= David Alexander Brown =

British geologist

David Alexander Brown (8 February 1916 – 3 November 2009) was a geologist who played an important role in developing the study of Geology in Australia.
He was born on 8 February 1916 in Scotland. His father fought and died at Gallipoli in World War I. His mother took him to New Zealand when he was four years old.

He studied at the University of New Zealand and graduated in 1937 with a Master of Science degree. In 1936 he started work in a field geologist job at the New Zealand Geological Survey. In 1938 he changed jobs, working for the New Zealand Petroleum Exploration Group.

When World War II broke out he first joined the New Zealand Expeditionary Force, and then later the Royal Navy. He took up flying aircraft from aircraft carriers, in the Fleet Air Arm. He was posted to the Barents Sea and North Sea. His highlight was to bomb the German battleship Tirpitz in April 1944 in Altenfjord a Norwegian fjord while flying a Fairey Barracuda torpedo bomber in Operation Tungsten.

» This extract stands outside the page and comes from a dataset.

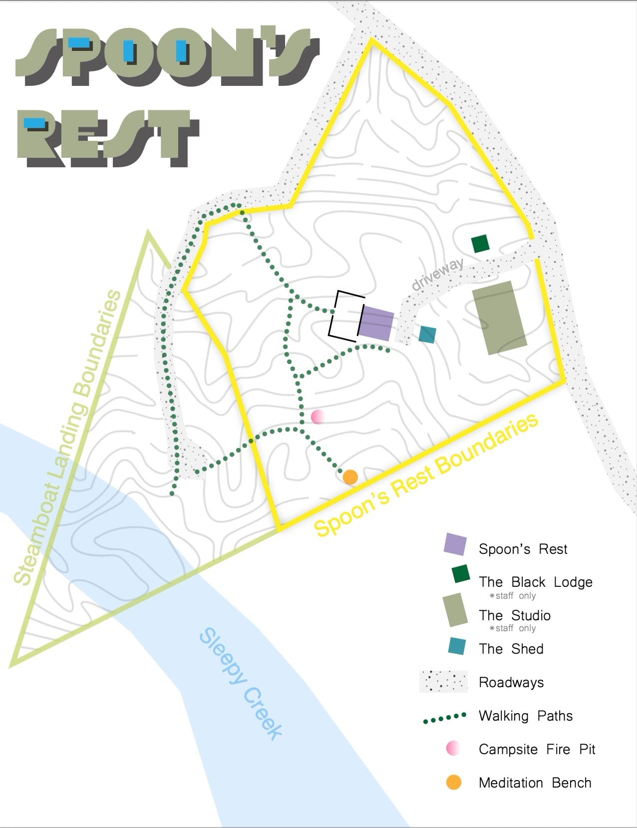 For your awareness, the property includes a studio located approximately 250 feet from the cabin. It’s clearly marked with a “Studio” sign, and you’ll pass it on the way to Spoon’s Rest. The studio is used occasionally by the owners, who may be on-site during part of your stay — though they are rarely present and the studio is not visible from the cabin, ensuring you’ll still enjoy privacy and seclusion. They may also have their small, friendly dogs with them when visiting.

He found his wife Patrica in the Women's Royal Naval Service. After the war they lived in London.

Brown was given a post graduate scholarship to study Bryozoa (or Polyzoans) from the Tertiary period in New Zealand. His jobs were at the Imperial College of Science and Technology and the British Museum of Natural History. In 1948 he graduated with a PhD and a DIC, and an award of the Lyell Fund from the Geological Society of London in 1953. He became a world expert on polyzoa, and a good taxonomist.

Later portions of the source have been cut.